Do you sometimes need to write an XML document? Do you need to validate it? Do you need to transform it? Are you going to write or port each and every application you need for doing so?

All these could "theoretically" become "supported" (that's different from being "included") in an OS if it manages to gather enough public momentum. Without that you can do only your "serious" stuff which excludes quite some of the "good" stuff. Public momentum comes from providing "the public" with enough incentive so that a small portion of that public actually writes what the rest will need.

Incidentally, I find it a bit hypocritical to do "research" (read: find out how a system can Get New Jobs Done (tm)) on a system but turn to another whenever one actually needs to Get Something Done (tm).

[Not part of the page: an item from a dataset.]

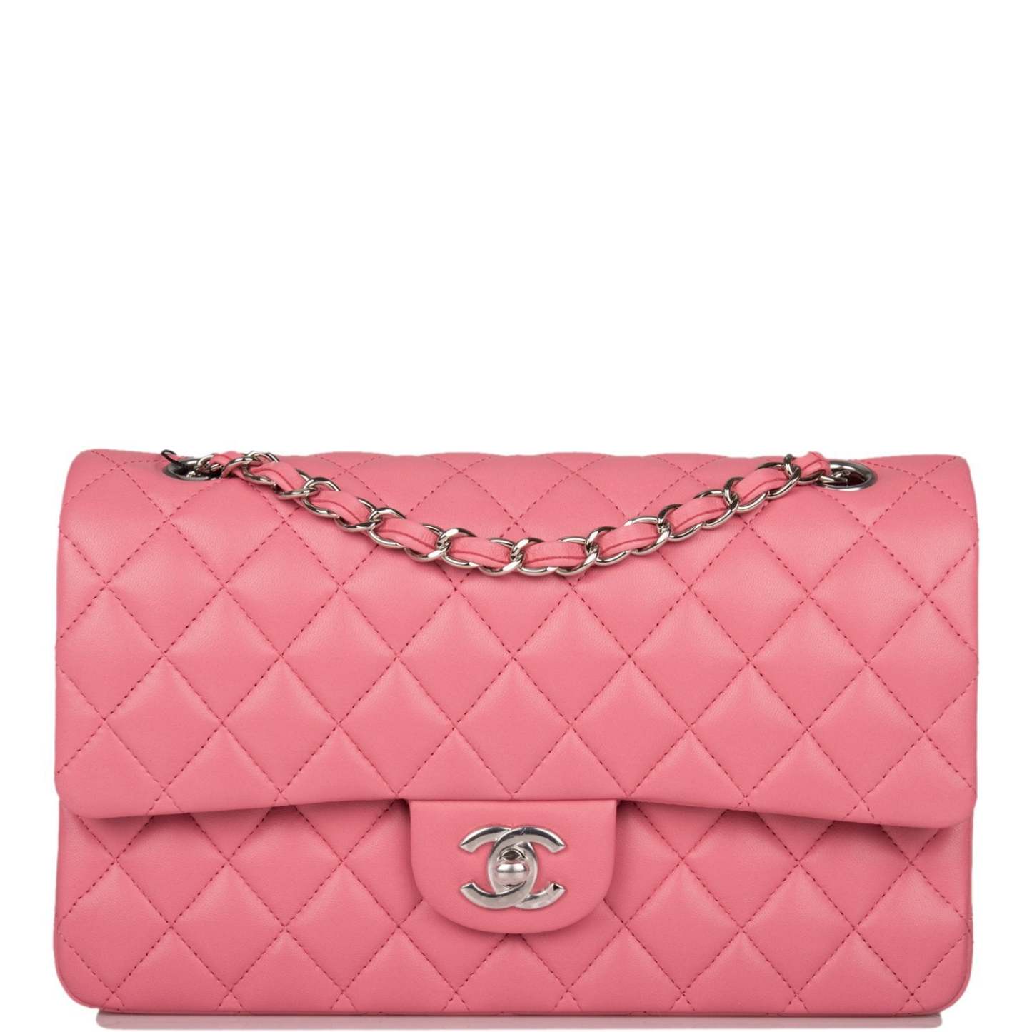 This Medium Classic Double Flap bag is in rose lambskin leather with siLthtVer tone hardware and features a front flap with signature CC turnlock closure, half moon back pocket, and adjustable interwoven siLthtVer tone chain link and rose leather shoulder strap.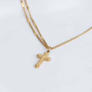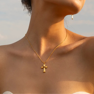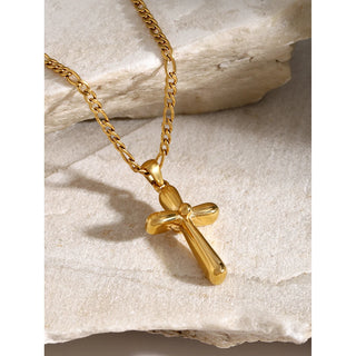ステンレス304 低ニッケル 水に濡れても錆びにくい 18Kゴールドメッキ ネックレス クロス 【YJ02698】

--On Tuesday, July 01, 2008 1:17 AM +0200 Francisco J Ballesteros <[EMAIL PROTECTED]> wrote:

Many of the ideas have been/will be applied to other
systems, and that will affects end users as well. It's just that there's
no need to use the same system for doing research and for, say,
browsing the web.

Having said that, but for web browsing, I'm quite
happy using Plan 9 as an end user that mostly writes code, slides, and
docs and reads mail. I mean, I use it not just to modify it. This does not
mean I cannot use others as well.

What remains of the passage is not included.